Thank you, thank you, thank you ladies for this! I've asked so many times when I see the Youtube gurus use it, even some who post on here and NONE of them ever answered me. I'm happy I can use my glitter again and not have to worry about seeing it in my lashes after I'm done taking off my makeup.


----------



## User49 (Apr 24, 2009)

I find if i just wipe with a mac wipe and then rinse with water it works just fine x


----------



## L1LMAMAJ (Apr 24, 2009)

Quote:

   Originally Posted by *reesesilverstar* 

 
_Thank you, thank you, thank you ladies for this! I've asked so many times when I see the Youtube gurus use it, even some who post on here and NONE of them ever answered me.
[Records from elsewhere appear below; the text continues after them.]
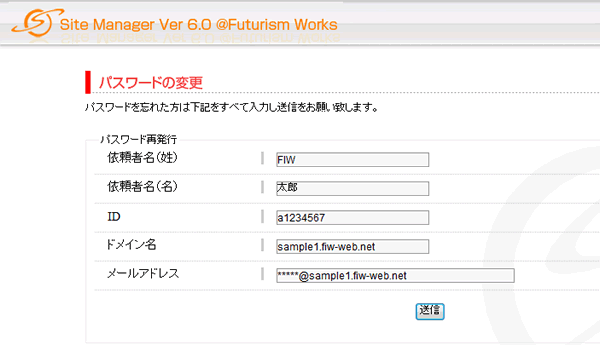 | 依頼者名(姓) | :パスワード再発行を行われる方の姓 |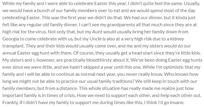While my family and I were able to celebrate Easter this year, I didn't quite feel the same. Usually, we would have a bunch of our family members over to eat and we would spend most of the day celebrating Easter. This was the first year we didn't do that. We had our dinner, but it kinda just felt like any regular old family dinner. I can't see my grandparents all that much since they are at high risk for the virus. Not only that, but my Aunt would usually bring her family down from Georgia to come celebrate with us, but my Uncle is also at a very high risk due to a kidney transplant. They and their kids would usually come over, and me and my sisters would do our annual Easter egg hunt with them. Of course, they usually get a head start since they're little kids. My sisters and I, however, are practically bloodthirsty about it. We've been doing Easter egg hunts ever since we were little, and we hadn't skipped a year until this one. While I'm optimistic that my family and I will be able to continue as normal next year, you never really know. Who knows how long we might not be able to practice our usual family traditions? We still keep in touch with our family members, but from a distance. This whole situation has really made me realize just how important family is in times of crisis. How we need to support each other, and help each other out. Frankly, if I didn't have my family to support me during times like this, I think I'd go insane.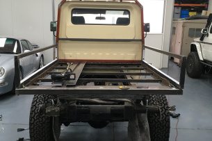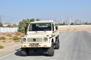 "Der Koffer Aufbau wurde abgenommen und wir fertigten eine Pick-up Pritsche nach meinen Vorstellungen an. Als Bereifung wählten wir einen 315/75/16 auf Hutchinson Felge. Farbton ist RAL 1015 Hell Elfenbein wie ab Werk. Das Verteiler Getriebe hat einen zuschaltbaren Nebenantrieb, der in Zukunft einen Kompressor antreiben soll. Wir fahren den Wagen nun seit einem halben Jahr mit Dubai Classic Nummernschild absolut störungsfrei, der Verbrauch liegt bei circa 17-19 Litern Super und die Fahrleistungen sind mehr als ausreichend. Aufgrund der super kurzen Achs-Übersetzung liegt die Höchstgeschwindigkeit bei Ohren betäubenden 140Km/h.“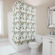 Beautiful rustic forest trees with a bear and fox pattern shower curtain set on a neutral white background. Visit our shop to view our matching bath decor items.
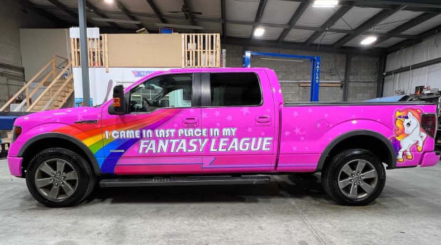While some leagues force losers to take the SAT or do a polar plunge, others have gotten a bit more creative. That’s how Kevin Ring ended up with a fluorescent pink Ford F150 that declares “I came in last place in my fantasy league” in giant white font and features unicorns, rainbows and stars.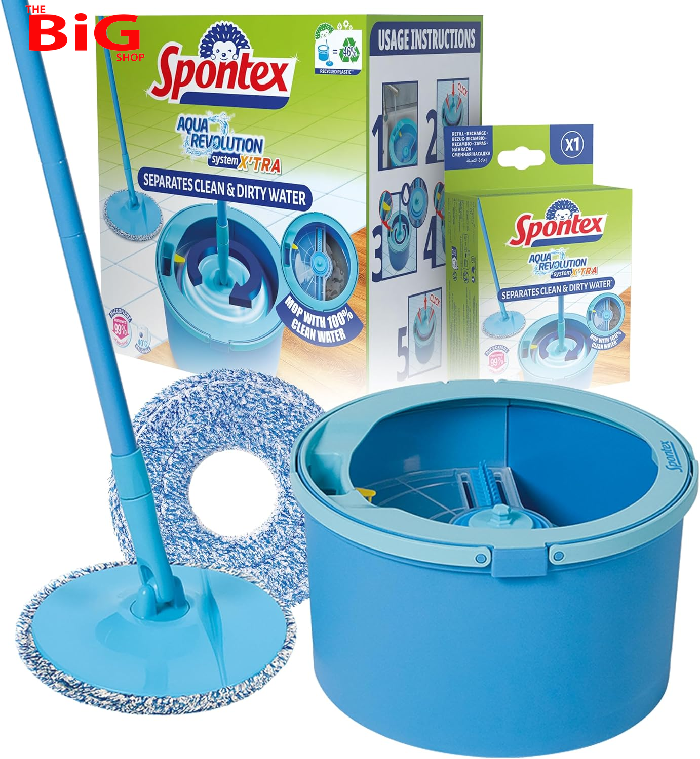 Spontex Aqua Revolution System X'Tra Floor Mop and Bucket Set with Free Refill |

I'm happy I can use my glitter again and not have to worry about seeing it in my lashes after I'm done taking off my makeup._

 
I asked Misschievouz an answer before and she replied very promptly and was very helpful.


----------



## reesesilverstar (Apr 24, 2009)

Maybe it's just me...


----------



## L1LMAMAJ (Apr 24, 2009)

Quote:

   Originally Posted by *reesesilverstar* 

 
_Maybe it's just me... 
	

	
	
		
		

		
		
	


	


_

 
The gurus are probably just overwhelmed with questions everyday.


----------



## erine1881 (Apr 26, 2009)

Quote:

   Originally Posted by *glitternmyveins* 

 
_I find if i just wipe with a mac wipe and then rinse with water it works just fine x_

 
same here.  if the glitters just on my eyes, one wipe takes it all off, including my entire face of makeup.  now if i've done a mask, i need two wipes.  then i actually wash my face.  there's no more glitter after that.


----------



## makeup_queen81 (May 3, 2009)

i agree tape is your best bet in getting it all off


----------